Given material:
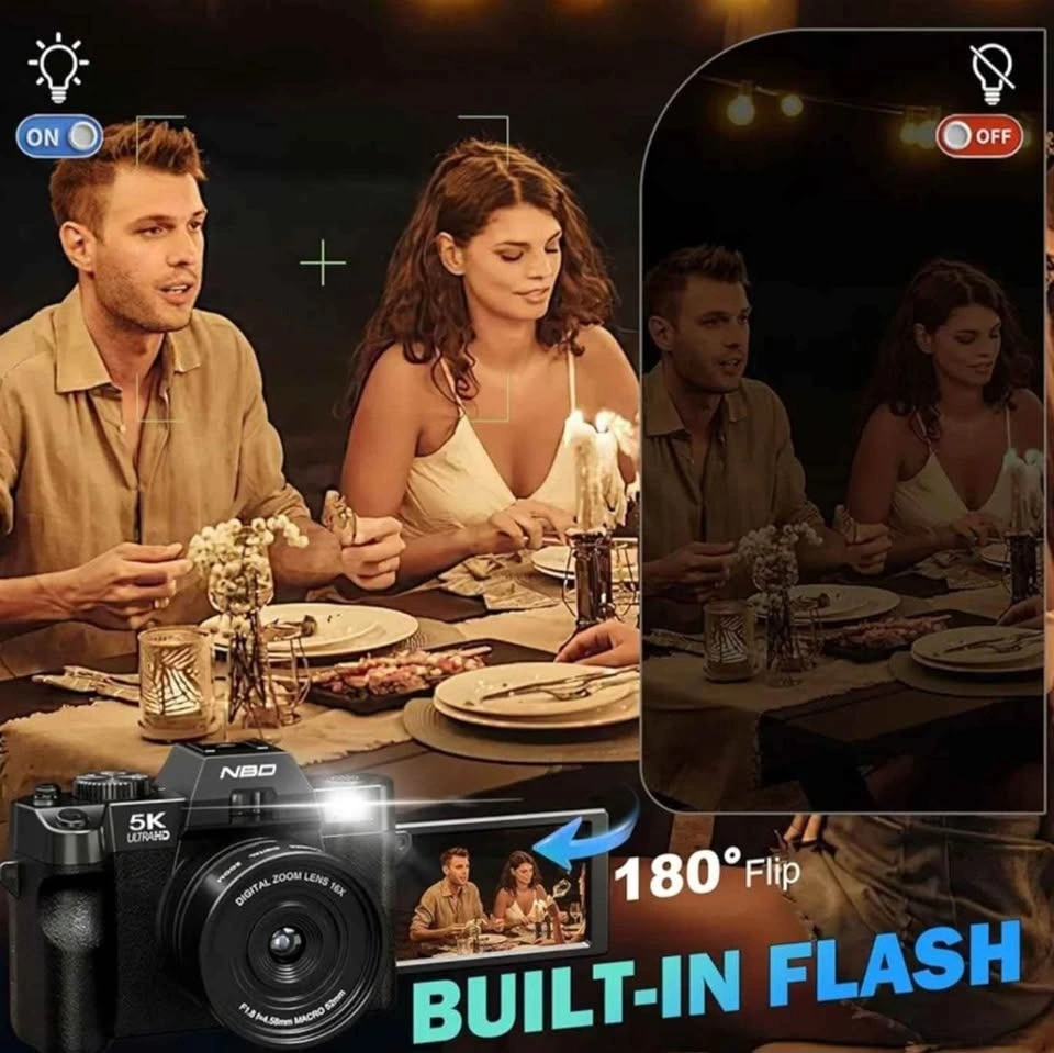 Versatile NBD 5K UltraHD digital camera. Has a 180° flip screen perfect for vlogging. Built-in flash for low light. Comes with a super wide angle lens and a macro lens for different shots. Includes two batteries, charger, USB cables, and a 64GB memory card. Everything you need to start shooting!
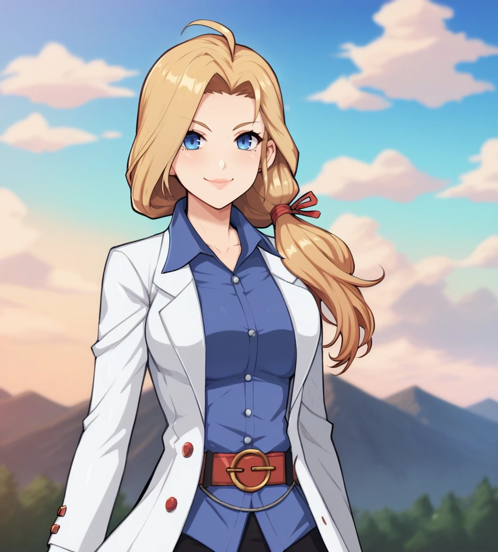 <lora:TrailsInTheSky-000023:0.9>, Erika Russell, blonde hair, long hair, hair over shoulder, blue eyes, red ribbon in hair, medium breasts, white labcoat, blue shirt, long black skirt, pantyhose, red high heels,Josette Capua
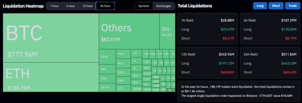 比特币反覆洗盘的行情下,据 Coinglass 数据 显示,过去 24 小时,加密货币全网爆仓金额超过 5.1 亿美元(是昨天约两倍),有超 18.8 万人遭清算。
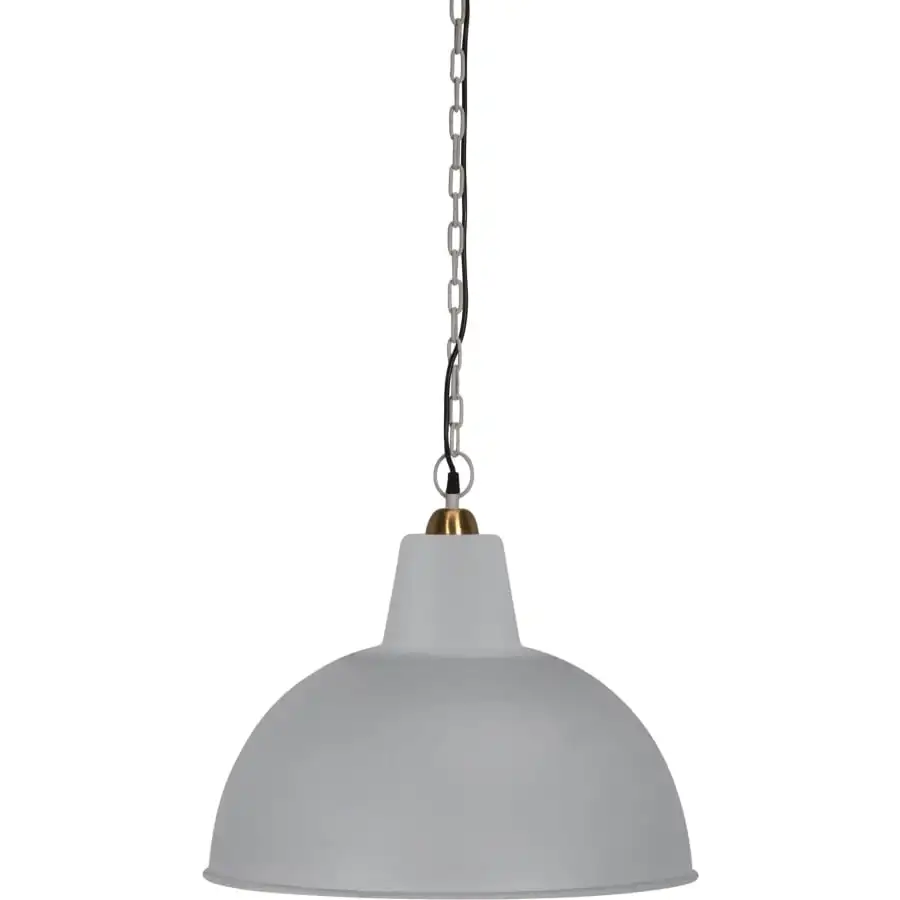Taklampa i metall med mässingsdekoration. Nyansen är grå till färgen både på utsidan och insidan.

Activity:
Reproduce the opening lines of the material above exactly, ending with the line that contains "<lora:TrailsInTheSky-000023:0.9>, Erika Russell, blonde". Omit every picture.

Answer:
 Versatile NBD 5K UltraHD digital camera. Has a 180° flip screen perfect for vlogging. Built-in flash for low light. Comes with a super wide angle lens and a macro lens for different shots. Includes two batteries, charger, USB cables, and a 64GB memory card. Everything you need to start shooting!
 <lora:TrailsInTheSky-000023:0.9>, Erika Russell, blonde hair, long hair, hair over shoulder, blue eyes, red ribbon in hair, medium breasts, white labcoat, blue shirt, long black skirt, pantyhose, red high heels,Josette Capua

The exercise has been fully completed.